Bacillus cereus contains a monomeric phospholipase C of 245 amino-acid residues. Although PLC prefers to act on phosphatidylcholine, it also shows weak catalytic activity with sphingomyelin and phosphatidylinositol. Sequence studies have shown the protein to be similar both to alpha toxin from Clostridium perfringens and Clostridium bifermentans, a phospholipase C involved in haemolysis and cell rupture, and to lecithinase from Listeria monocytogenes, which aids cell-to-cell spread by breaking down the 2-membrane vacuoles that surround the bacterium during transfer.
Each of these proteins is a zinc-dependent enzyme, binding 3 zinc ions per molecule. The enzymes catalyse the conversion of phosphatidylcholine and water to 1,2-diacylglycerol and choline phosphate.

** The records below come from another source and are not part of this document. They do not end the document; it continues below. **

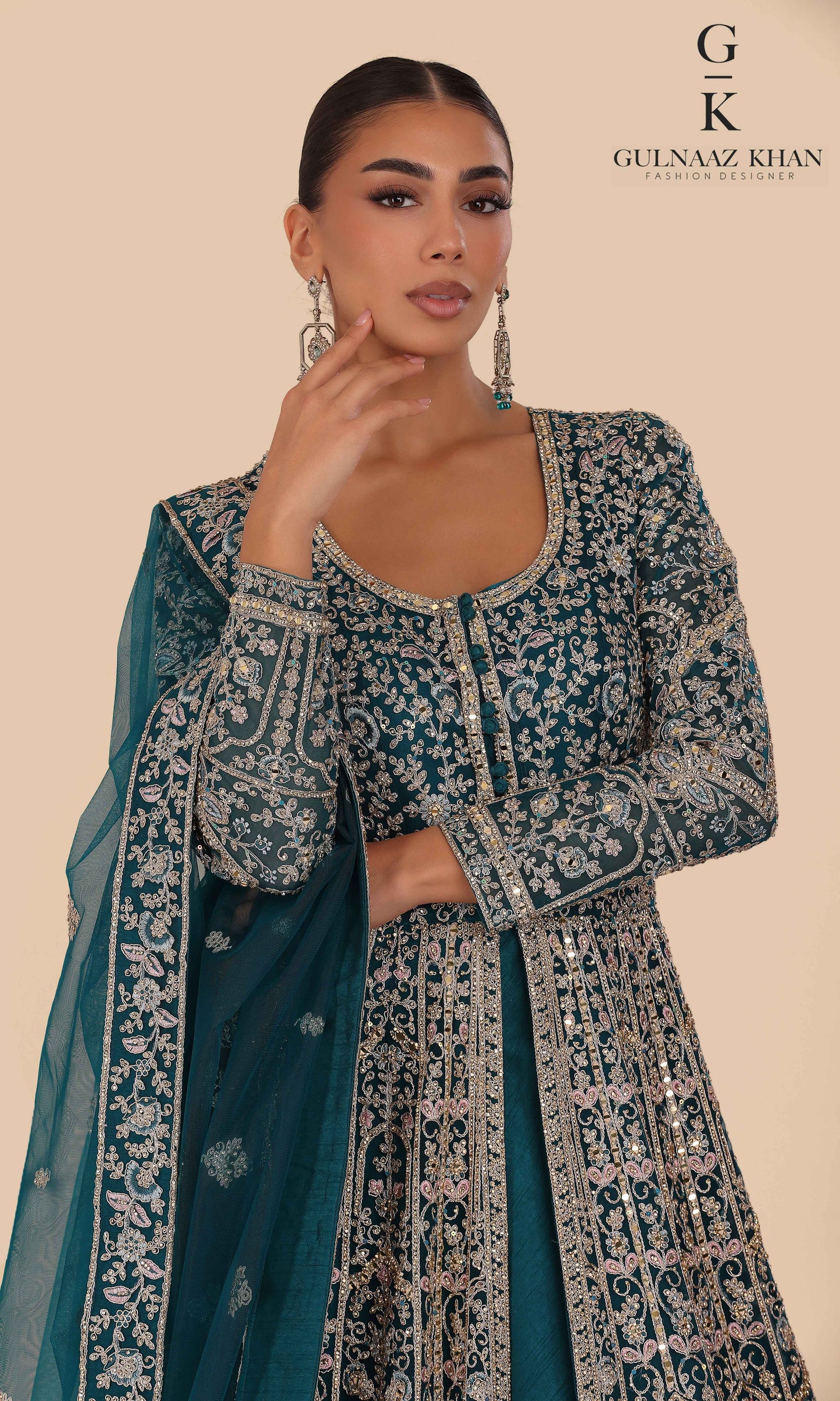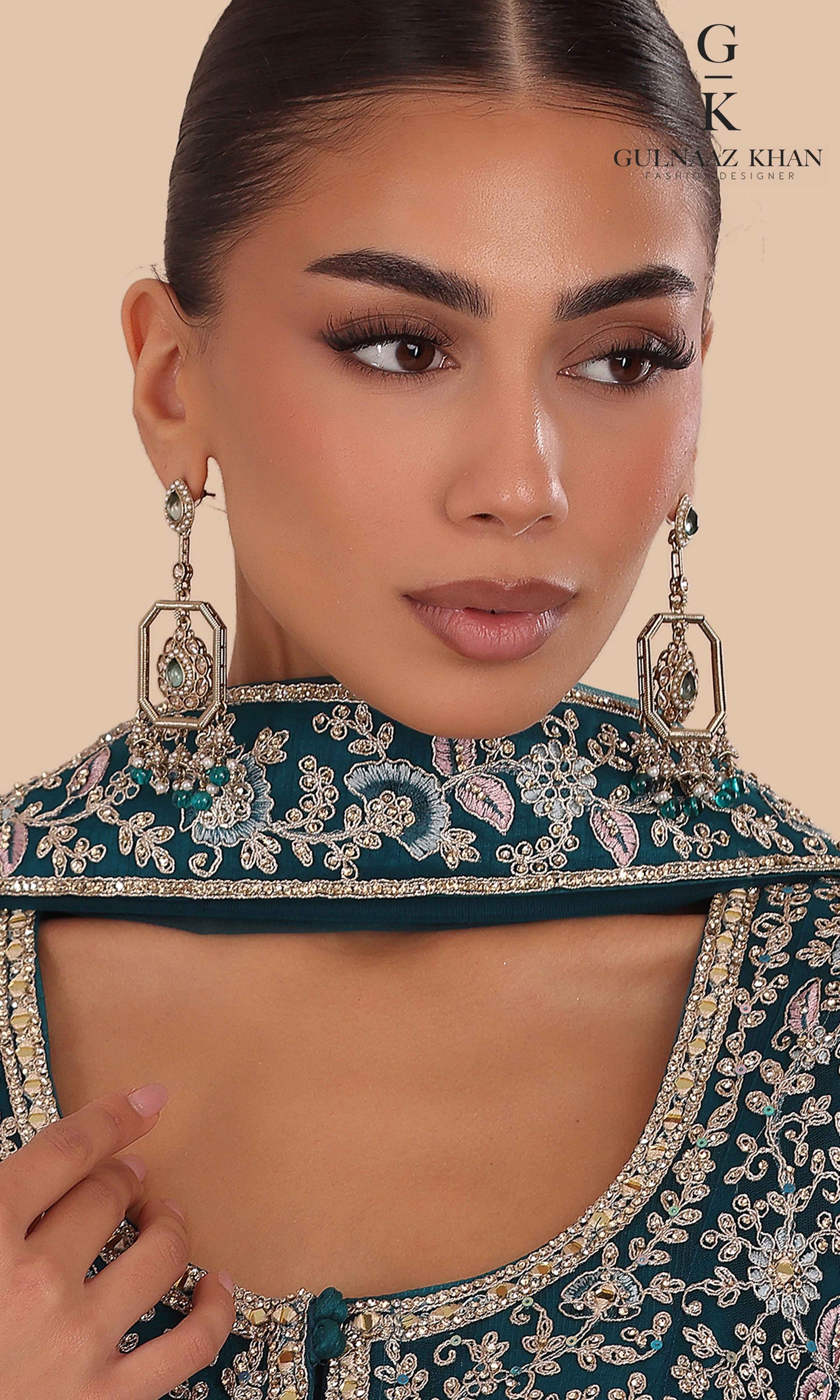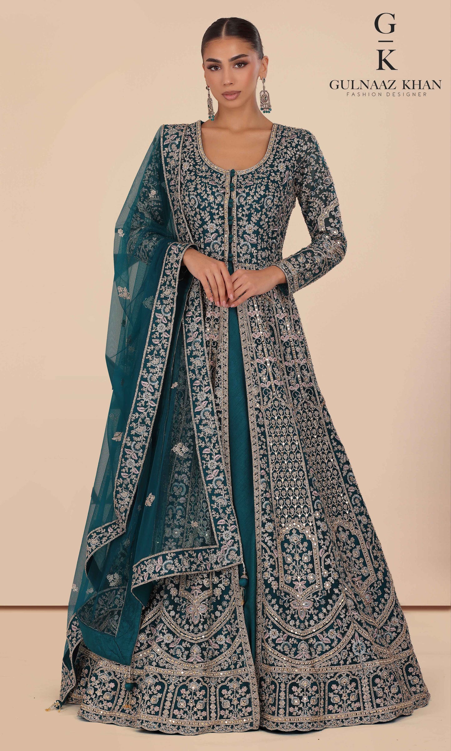Sabeen is a statement bridal gown designed with a delicately embroidered net jacket and a rich pure silk inner. Detailed with handcrafted dori work and shimmering zarkon stones, this outfit is perfect for brides who love elegance with a royal touch.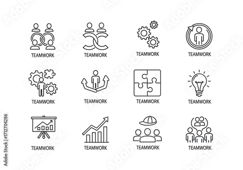 © mdHittu, Fototapeta premium Collection of teamwork and business icons isolated on white background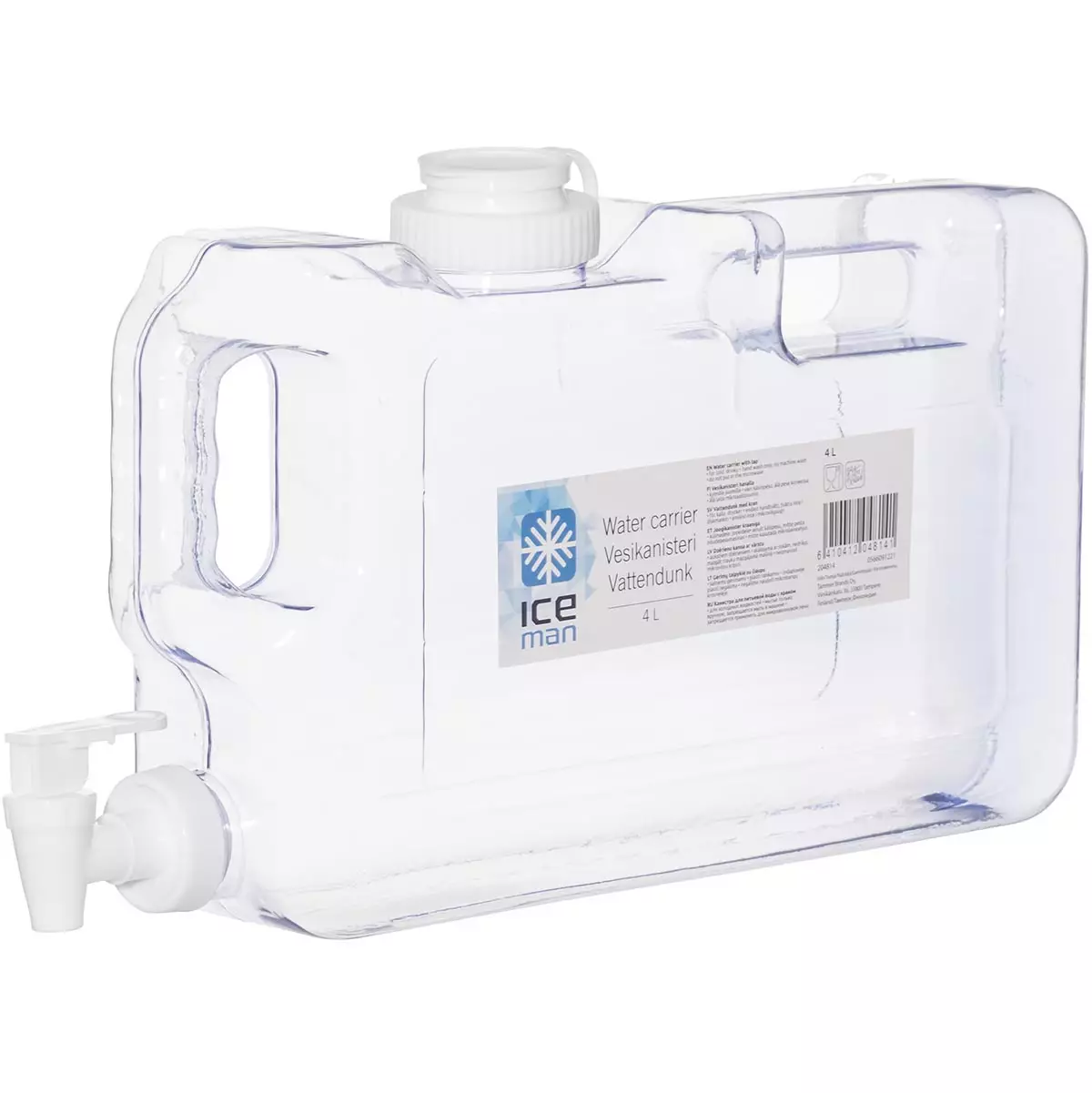 Elintarvikekelpoinen juomakanisteri painettavalla hanalla. Vesikanisterin tilavuus on 4 litraa ja siinä on kaksi kantokahvaa.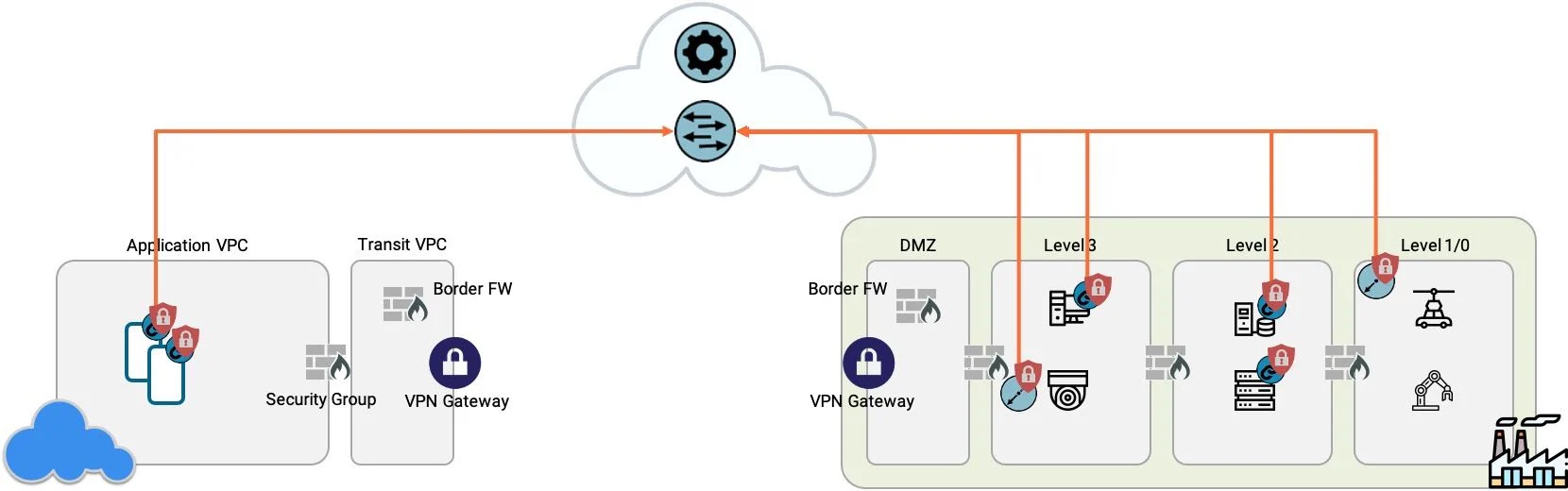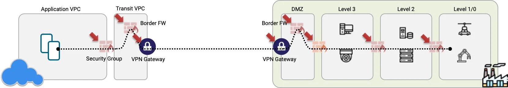 我们以工厂环境中云和资源之间的连接为例。允许云服务器连接到工厂车间机器的策略,由路径上多达 6-12 个不同的路由器、交换机和防火墙控制,而每个路由器、交换机和防火墙可能由不同的团队管理。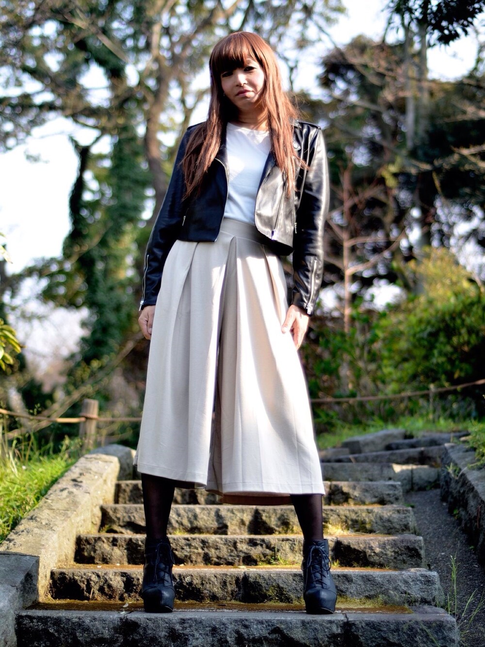 ユニクロのスカンツを初めて履きました。ライダースとの組み合わせは定番! ちなみに男です。 横浜元町散歩してました。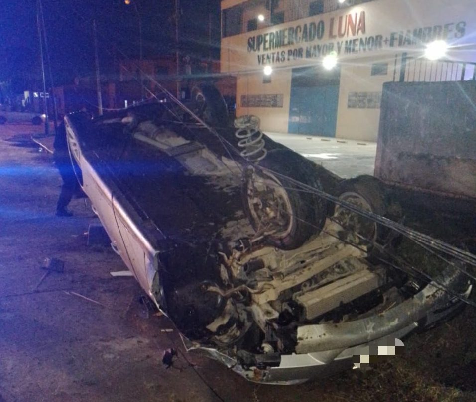En la madrugada de este sábado ocurrió un fuerte accidente de tránsito en Santa Fel. El hecho tuvo lugar en la intersección de las calles Pedro de la Vega y San Juan, precisamente, a la hora 1:45. El conductor perdió el control de su vehículo, subió al cordón, chocó contra un poste de luz y terminó volcando.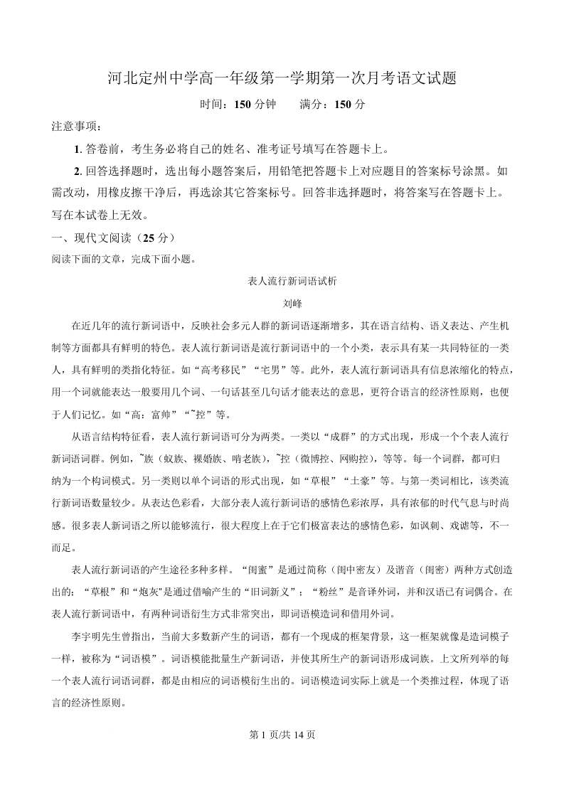 高一语文--河北省定州中学2025-2026学年高一上学期第一次月考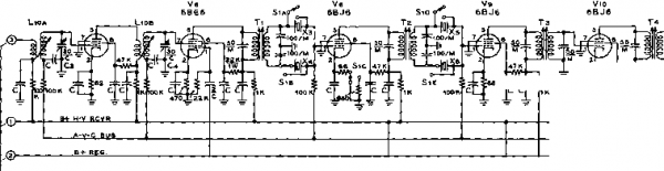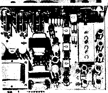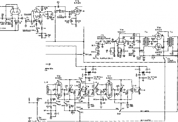 Figure 17 SCHEMATIC, TRANSMITTER AND AUDIO SECTION OF TRANSCEIVER Cs, Cj, Cs-75/75 mmW. HammatXand HFD-15X Cs, Cc-30 liiifd. Johnson 25J72 Di, Di-Germanium diode 7 N8 7 Lii-Lis-See figure 2 7 for coil information RFC-,-7.0 iih. Olimite Z-SO RFCl-1.8 fill. Ohmite Z-I44 RFC}-0.15 tih. J. W. Miner 4644 SjA-SjF-Some as 5 figure 75. Space decks so coils Li. and 1ц fit between the decks. S,-SPOr push-button switch Si-2 poie, 3 position non-shorting switch. Mallory 3223-G RY ry2-See figure 19 Мг-0-7 d.c. milliammeter. De-jur #112 Tl-25 watt modulation transformer, 10K pri., 5 К see. Stancor A-3845 Tj-Interstage transformer, 7:3. Stancor A-53C X7~-2426 Me. overtone crvstal. Precisian Crvst J Co.. Santa Manira. Calit. The Power Supply Section. The complete transceiver requires a plate supply of 250 volts at 150 milliamperes, and either 6.3 volts at 7.8 amperes or 12.6 volts at 3-9 amperes. These voltages may be obtained from the power supply whose schematic is given in figure 18. The high voltage portion of the supply employs a voltage doubler selenium-type rectifier system operating from a 117 volt half-wave winding of the power transformer. This transformer has two auxiliary windings. One winding may be used for 115 volt, 50-60 cycle operation, and the other one is intended for vibrator opera-ation from either a 6- or 12-volt dc. primary source. The choice of a.c. or d.c. operation may be made by inserting the correct terminal plug in receptacle SOi, mounted on the rear of the transceiver chassis. RFC 3 ![]() 115V. A-C PL2 ![]() 0117V. b-l-HV 6-l2V0LrFILAMENT SCHEMATIC 20 21 ! 2 7 8 Xc W сф: V2< 115V. -fV 1 i i V. < I 15 VOLT Wl RING ,-с>.ЛГ!П5>-*e.3v. !9 >0J > ~ C> I17V. О e-l2 VOLT D-C WIRING ![]() VIBl Figure 18 ![]() >V1 с =,007 CERAMIC CAPACITOR FOR 8-VOLT OPERATION JUMPER PINS г-a IN PL 1 Ъ-JUMPER PINS 7-20 /Л/ PL I . FOR 12-VOLT OPERATION 6.-JUMPER PINS 10-20 PL 1 . SCHEMATiC, POWER SUPPLY OF TRANSCEIVER CH,-4 h. ai US ma. Siancor C-1410 RFCj-4 ith., 6 amp. J. W. Miller 5221 RfC,.-2.S mh., 200 ma. J. W. Miller 5222 S, -DP5T toggle switch, 12 amp. H & H 80600-268 50i-21 terminal receptacle. Cinch-Jones P321-SB 5Ri, SR!-Selenium rectifier, 156 volt, 250 ma. International Rectifier Corp. 6R5250 PL PJ.,-2? terminal plug. Cinch-Jones S321-CCT T,-117 volts at 200 ma., three 6.3 volt windings. Stancor P-81S8 (modify as per text). VIBl-Radiart vibrator type 5503-6 (6 volt) or 5503-12 (12 volt) P,-6.3 volt, ISO ma. Pilot lamp (brown bead) St-4 pole, 2 position. Centralab PA9 deck with PA-300 hardware. The power transformer is made from a TV-replacement type, with a new vibrator winding replacing the usual 6.3 volt filament windings. Information covering the conversion of the transformer will be found later in this section. The special winding may be arranged for either 6-volt d.c. or 12- volt d.c. operation, but not both. Thus, the choice of d.c. supply voh-age must be determined before the transformer is modified. The filaments of the transceiver are arranged in a series parallel circuit so that they may be operated from either 6- or 12-volts d.c, or 6-3 volts a.c. with no change in circuitry. The appropriate filament connections to the power supply are automatically made when the proper terminal plug is inserted in SOi. A simplified drawing of the primary power wiring of the transceiver is shown in figure 18. Relay and Switching Circuits- The control circuits of the de-luxe transceiver are shown in figure 19- Two relays control change-over operation. The relay coils are of the d-c type, and are connected in series with the push-to-talk button of the microphone and the filament voltage supply. Closing the microphone switch grounds one end of the relay coil circuit and actuates both relays. Relay RYi controls the 144 Mc. antenna changeover, and switches the S-meter to the r-f output meter circuit of the transmitter section. Relay RYz conrols the 50 Mc. antenna changeover, and switches the B-plus from the receiver to the transmitter. Meter Ma serves as a multi-meter for the transmitter portion (figure 17). The basic meter has a 0-10 d.c. millammeter movement and is used as-is for measuring the grid current of Vie and ViT, Meter switching is accomplished by means of Ss. The third position of the switch connects the meter across the shunt in the plate circuit of the modulated amplifier stage. The resistance of the shunt is chosen so that full scale meter deflection is 100 milliamperes. Transceiver Layout and Assembly The transceiver is housed in a special cabinet measuring 14 long, 10 deep, and ЬУг high. The cabinet is formed from cane metal stock and has a removable front panel. The back, which is also made of solid material is welded to the wrap-around cane-metal cover. The chassis of the unit is made of sheet steel which is copper plated after all major holes have been drilled. Chassis height is 2 inches. Placement of the major components may be seen in figure 16. The receiver section occupies the right-hand por- RELAY SWITCHING CIRCUIT (SHOtTN UN£N£ReiZEO) R Yi Г-2>, R-F COIL A т-о- TO J1 XMTR ANT COIL TO V9 В ~-o- TO + S-METER j-o-* TO Vio С ~-o- TO-S-METER t-TO R-F DIODES I-o- - e\ R-F COIL A T-0-* TO J 2 t-a-m. XMTR ANT COIL о- TO RECEIVER В Г-о* то e+ JUSED TO CONTROL CIRCUIT IN MICROPHONE TO FILAMENT VOLTAGE SUPPLY TRANSCEIVER CONTROLS SWITCHES Sl-SELECTIVITY S2-XMTR CRYSTAL SS-BANDSWITCH. XMTR S4-FI LAMENT SS-TUNE-OPERATE Se- ZEROTUNE S7-BANDSWITCH, RECEIVER Sa- METER SELECTOR, XMTR s9-SQUELCH SlO-POWER (BACK OF CHASSIS) POTENTIOMETERS R 1 - RECEIVER VOLUME R2-XMTR AUDIO GAIN r3-S-METER ADJ. Figure 19 RELAY CONTROL WIRING AND LIST OF TRANSCEIVER CONTROLS RYi, RYj-3 pole, DT. Advance MF3C/6VD. Hook coils in parallel for 6 volt operation. tion of the chassis, with the power supply to the rear left, and the transmitter at the upper left of the photograph. The variable TV-type tuner is panel driven by the main tuning dial through a simple speed reduction gear (Cr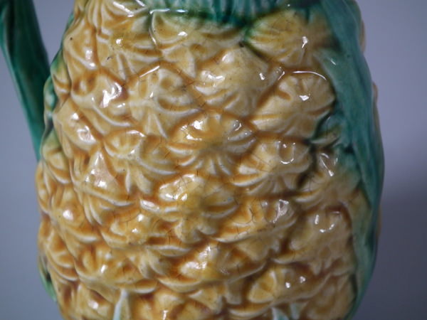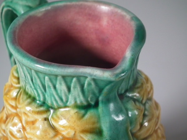 Victorian, circa 1870. 4.4ins high, 3.3ins wide, 3ins depth. Majolica jug/pitcher which features a pineapple.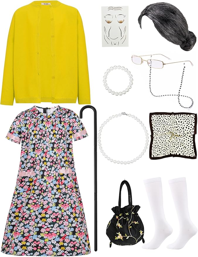 • High Quality Materials: To ensure the comfort and durability of grandma costume for kids, this old lady dress and knitwear is made of soft, breathable, and lightweight fabric, making your girls comfortable all day long. Old lady wig is made of high-quality synthetic fibers, which look and feel like real hair, ensuring Grandma's authenticity.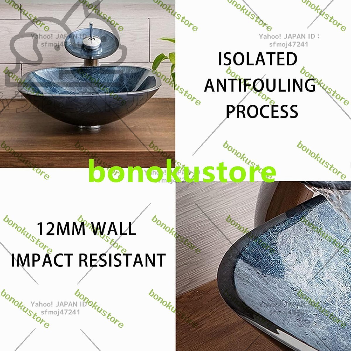 品質保証 手洗い器&蛇口セット 洗面ボウル 洗面器 バスルーム 洗面台 洗面用 強化ガラス製 排水金具付と蛇口付き F1521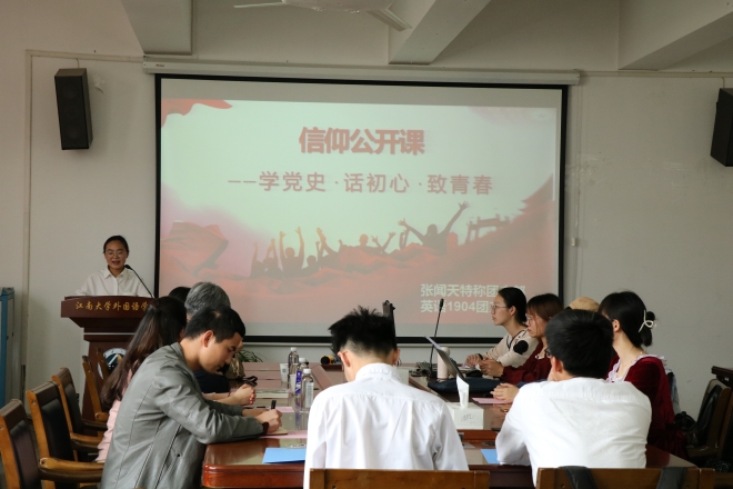 分团委书记陆芳、英语1904班主任高松怡、19级辅导员苗文建出席本次活动。17级优秀学生代表、英语1904张闻天特称团支部全体成员以及20级班团干部参加了此次公开课。信仰公开课由盖文静同学主持。

In Bacillus cereus, there are nine residues known to be involved in binding the zinc ions: 5 His, 2 Asp, 1 Glu and 1 Trp. These residues are all conserved in the Clostridium alpha-toxin.
Some examples of this enzyme contain a C-terminal sequence extension that contains a PLAT domain which is thought to be involved in membrane localisation.